◆ WHAT YOU ARE ASKED TO DO ◆
The response should repeat word for word every line below from the one with "The majority of" to the one with "Boucles d'oreilles composées", inclusive, and nothing else; leave pictures out.

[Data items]

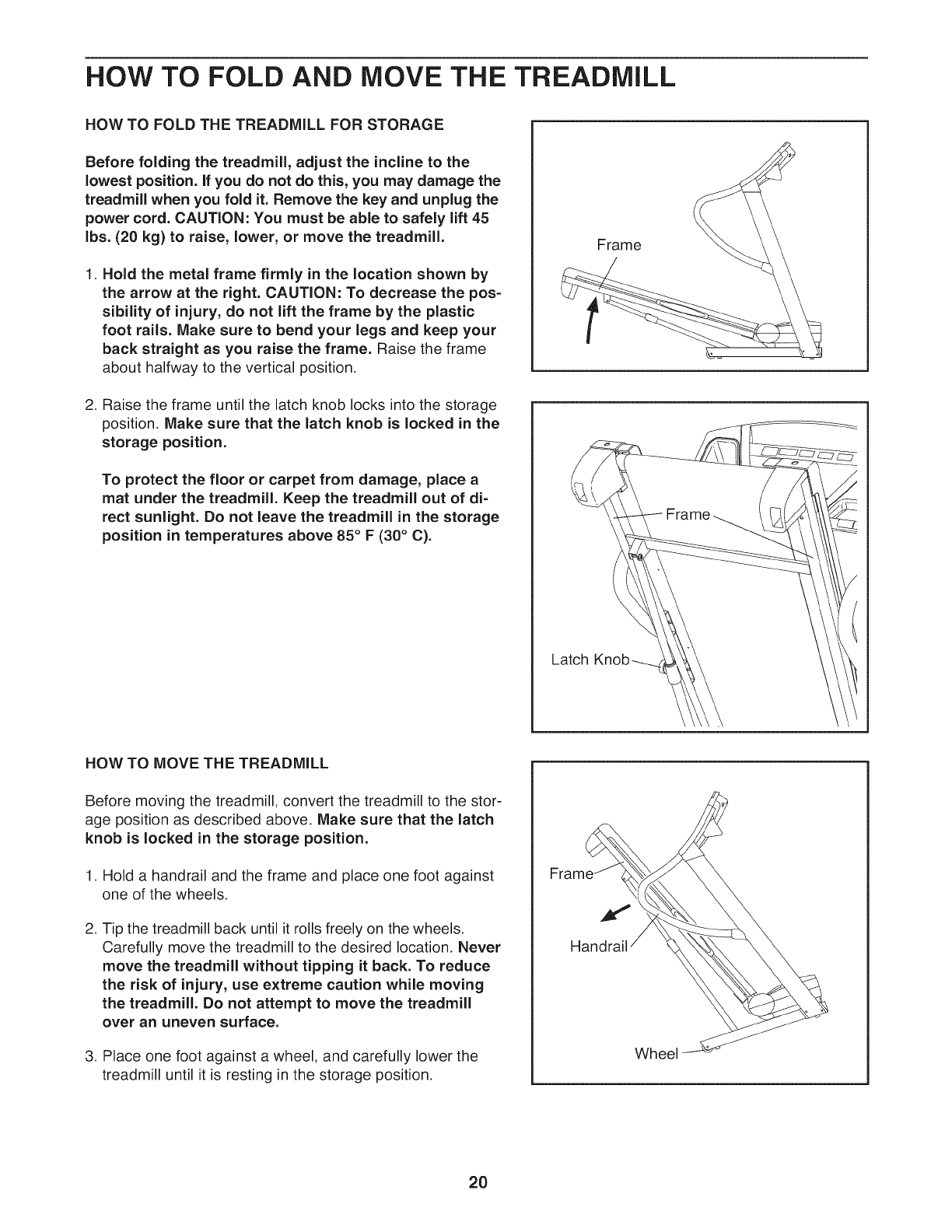 HOW TO FOLD AND MOVE THE TREADMILL .................................................. 20
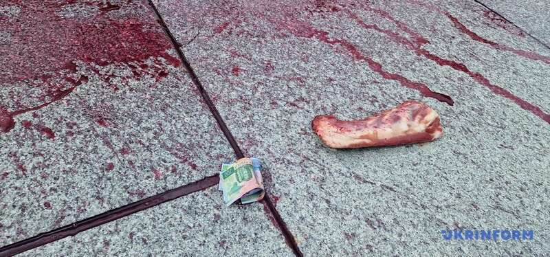 Акция стала выразительным символом протеста против неоправданного продолжения торговли стран ЕС с государством-агрессором. Организаторы акции призвали немедленно наложить эмбарго на всю российскую продукцию в ЕС и прекратить бизнес в крови.
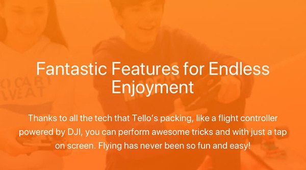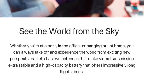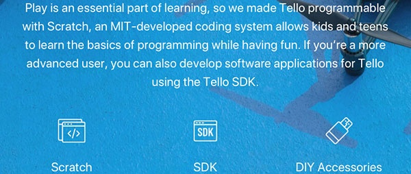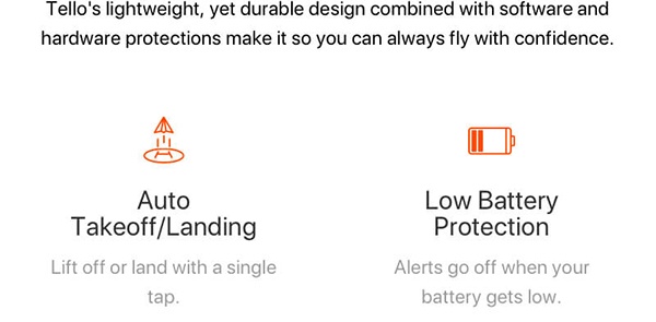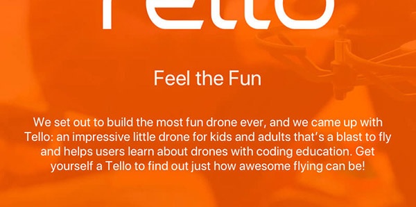 DJI Tello dirancang untuk menjadi drone quadcopter yang lucu, menyenangkan, dan mendidik. Dengan bentuk mungil dan prosesor Intel yang cerdas memungkinkannya melakukan trik udara yang menarik dengan cepat, semua melalui kontrol smartphone. Unduh aplikasi Tello gratis, dengan kontrol intuitif untuk manuver terbang yang bebas seperti apapun. Baterai juga telah disertakan yang nanti akan memberikan daya hingga 13 menit penerbangan.
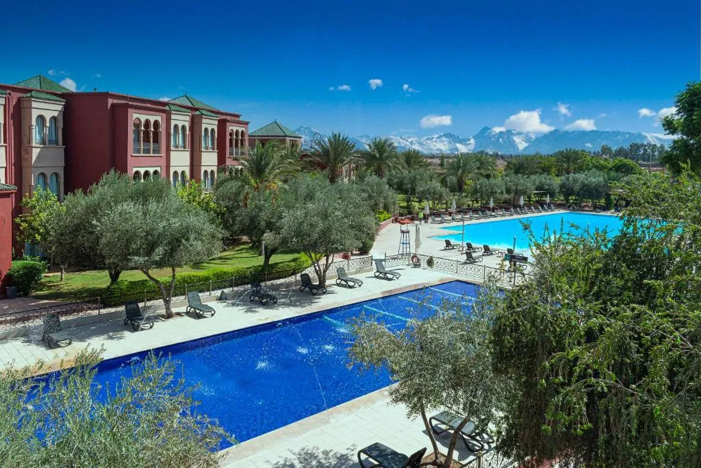 Der Traum eines jeden Touristen ist es, sich in einer luxuriösen Umgebung in der Nähe schöner Sehenswürdigkeiten zu entspannen. Bei einem Aufenthalt in Marokko bietet das Barcelo Palmeraie seinen Gästen eine Fünf-Sterne-Anlage, in der sie unterkommen und die rote Stadt erkunden können. Das Barcelo Palmeraie ist ein schickes, majestätisches Resort, dessen Infrastruktur von den lokalen Bräuchen und der Kultur inspiriert ist. Es befindet sich im Herzen des berühmten Palmenhains von Marrakesch. Genauer gesagt ist es nur fünf Minuten vom Golfplatz und elf Kilometer vom Flughafen Marrakesch-Menara entfernt. Diese gehobene Unterkunft zählt zu den besten Hotels mit Pool in Marrakesch. Es verfügt über 252 Zimmer, darunter 16 Suiten. Sie bieten jeglichen Luxus und Komfort, der für eine Erholungsreise in einem tropischen Klima geeignet ist. Jedes Zimmer verfügt über ein eigenes Bad, einen Balkon, eine Minibar und einen Flachbild-Satellitenfernseher. Eine Wi-Fi-Verbindung ist kostenlos verfügbar. Das Hotel verfügt über ein Dutzend Tagungsräume. Dies macht es zum idealen Ort, um kleine oder große Konferenzen abzuhalten. Auch festliche Veranstaltungen im Freien können hier erfolgreich organisiert werden. Gönnen Sie Ihrer Familie Tage am Pool unter dem Segen eines azurblauen Himmels. Das Hotel bietet seinen Gästen eine breite Palette an gastronomischen Dienstleistungen. In einer Umgebung, die nach dem geselligen, typisch marokkanischen Stil eingerichtet ist, genießen Sie ein exotisches kulinarisches Angebot. Ein Außen Pool und ein Spa-Bereich sollen die Entspannung der Gäste optimieren.
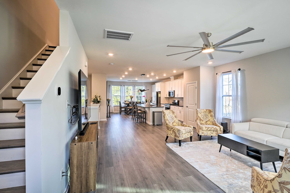 Comfort and convenience await at this newly built North Carolina vacation rental situated just 6 miles from downtown Durham! This end-unit townhome features a bright interior with 4 bedrooms, 3.5 bathrooms, all-new furnishings, high-end kitchen appliances, and plenty of space to gather. Visit loved ones at Duke University, go for a stroll in Bethesda Park, or explore downtown hotspots! Later, you can relax with community perks like swimming pools, a 24-hour fitness center, a game room, and more!
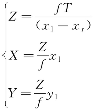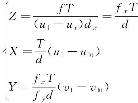 式中:fx,fy为相机在x方向和y方向上的焦距;d为视差,d=ul-ur。
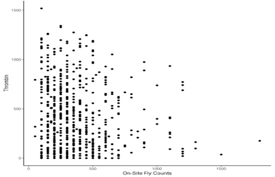 The majority of the assessed animals had a horn fly count below 500 with substantial variation in predicted thrombin. However, animals with high fly abundance (>800 flies) tend to have significantly lower predicted thrombin, as indicated in
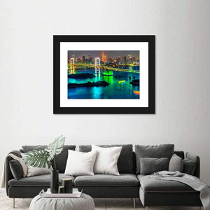 This canvas art features a vibrant city skyline of Tokyo, showcasing the illuminated Rainbow Bridge against the backdrop of tall buildings and reflective water. With its energetic colors and modern photorealistic style, it adds a lively touch to any space.
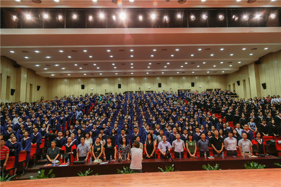 在庄严的国歌声中,awc777万象城娱乐官网2016届毕业生毕业庆典暨学位授予仪式正式开始。
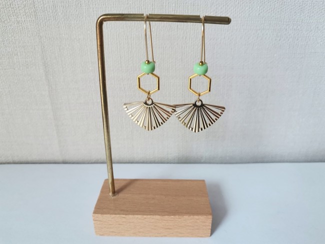 Boucles d'oreilles composées d'un pendentif forme éventail en métal doré, connecteur octogonal et de perles en verre 6 mm rondelle
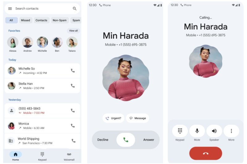 Google переработала нижнюю панель меню приложения «Телефон», заменив вкладки «Избранное», «Недавние», «Контакты» и «Голосовая почта» всего тремя вариантами: «Главная», «Клавиатура» и «Голосовая почта». «Избранное» теперь перемещено в верхнюю часть вкладки «Главная», а журнал вызовов больше не агрегирует звонки от одного и того же абонента в одну запись. Каждый входящий вызов будет показан отдельной строкой. На скриншотах также можно заметить некоторые визуальные обновления — например, граница, обрамляющая фотографию звонящего, теперь представляет собой неровный круг.
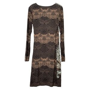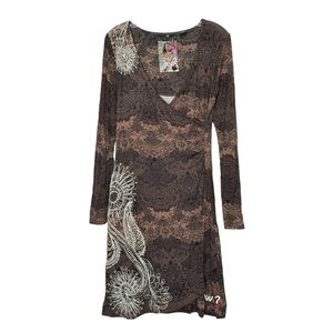 Desigual Wrap Dress Size M Brown Boho Embroidered Stretchy Floral V-Neck Bodycon
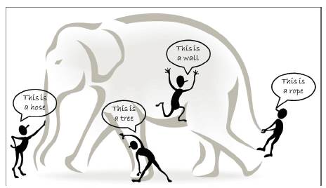Figure 1. The blind men and the giant elephant: the localized (limited) view of each blind man leads to a biased conclusion
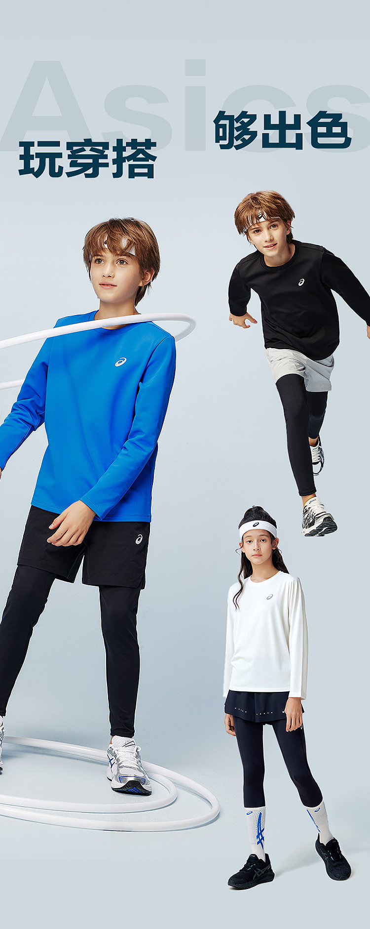 ASICS/亚瑟士童装25年冬季儿童吸湿排汗长袖T恤蓄热保暖基础百搭
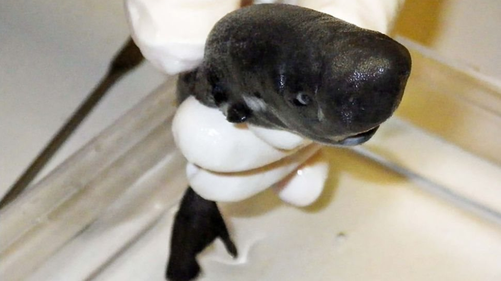 Ця невелика рибка - лише 14 см у довжину - трохи схожа на кашалота, але насправді це так звана кишенькова акула. Її виловили в Мексиканській затоці ще в 2010 році, але тільки через дев'ять років офіційно визнали новим видом.
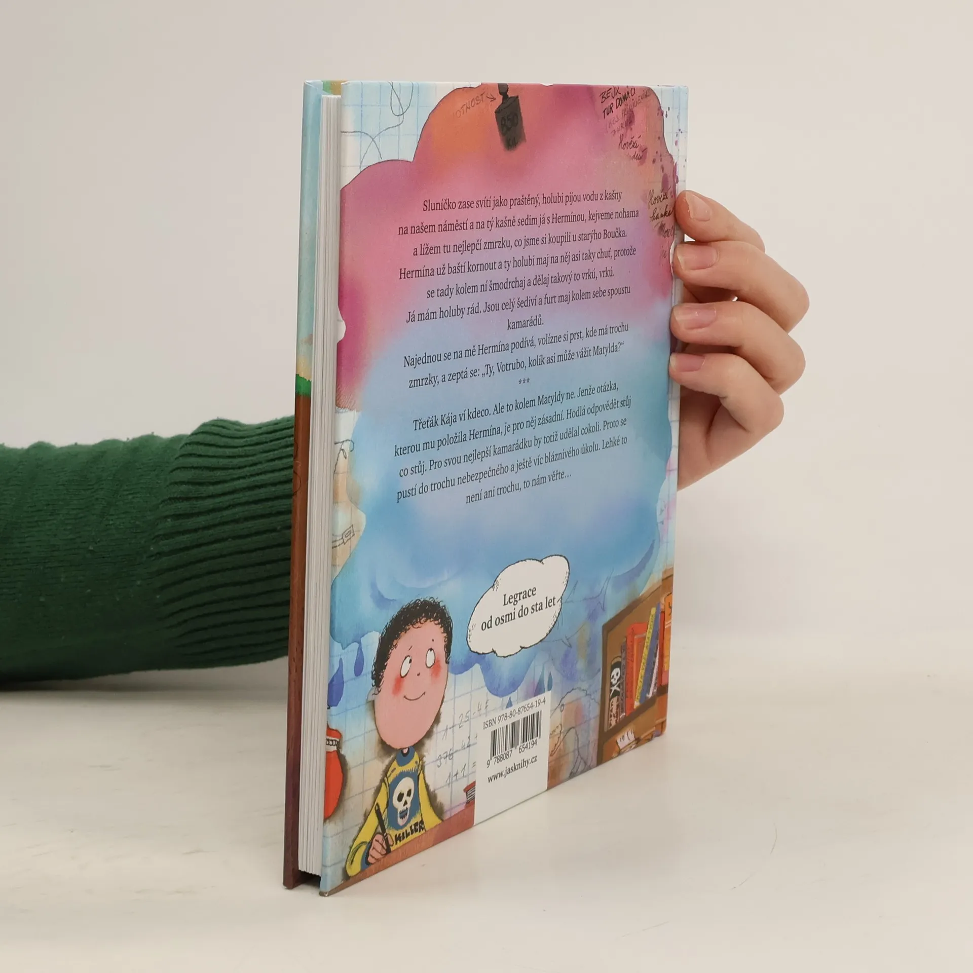 Sluníčko zase svítí jako praštěný, holubi pijou vodu z kašny na našem náměstí a na tý kašně sedim já s Hermínou, kejveme nohama a lížem tu nejlepčí zmrzku, co jsme si koupili u starýho Boučka. Hermína už baští kornout a ty holubi maj na něj asi taky chuť, protože se tady kolem ní šmodrchaj a dělaj takový to vrkú, vrkú. Já mám holuby rád. Jsou celý šediví a furt maj kolem sebe spoustu kamarádů. Najednou se na mě Hermína podívá, volízne si prst, kde má trochu zmrzky, a zeptá se: „Ty, Votrubo, kolik asi může vážit Matylda?“ *** Třeťák Kája umí kdeco. Vládne skvělou dětštinou a dokonale komentuje všechno, co vidí. Ale to o Matyldě neví. Jenže otázka, kterou mu položila spolužačka Hermína, je pro něj zásadní. Hodlá ji zodpovědět stůj co stůj. Pro svou nejlepší kamarádku by totiž udělal cokoli. Proto se pustí do trochu nebezpečného a ještě víc bláznivého úkolu. Lehké to nemá ani trochu, tomu můžete věřit…

◆ EXPECTED OUTPUT ◆
 The majority of the assessed animals had a horn fly count below 500 with substantial variation in predicted thrombin. However, animals with high fly abundance (>800 flies) tend to have significantly lower predicted thrombin, as indicated in
 This canvas art features a vibrant city skyline of Tokyo, showcasing the illuminated Rainbow Bridge against the backdrop of tall buildings and reflective water. With its energetic colors and modern photorealistic style, it adds a lively touch to any space.
 在庄严的国歌声中,awc777万象城娱乐官网2016届毕业生毕业庆典暨学位授予仪式正式开始。
 Boucles d'oreilles composées d'un pendentif forme éventail en métal doré, connecteur octogonal et de perles en verre 6 mm rondelle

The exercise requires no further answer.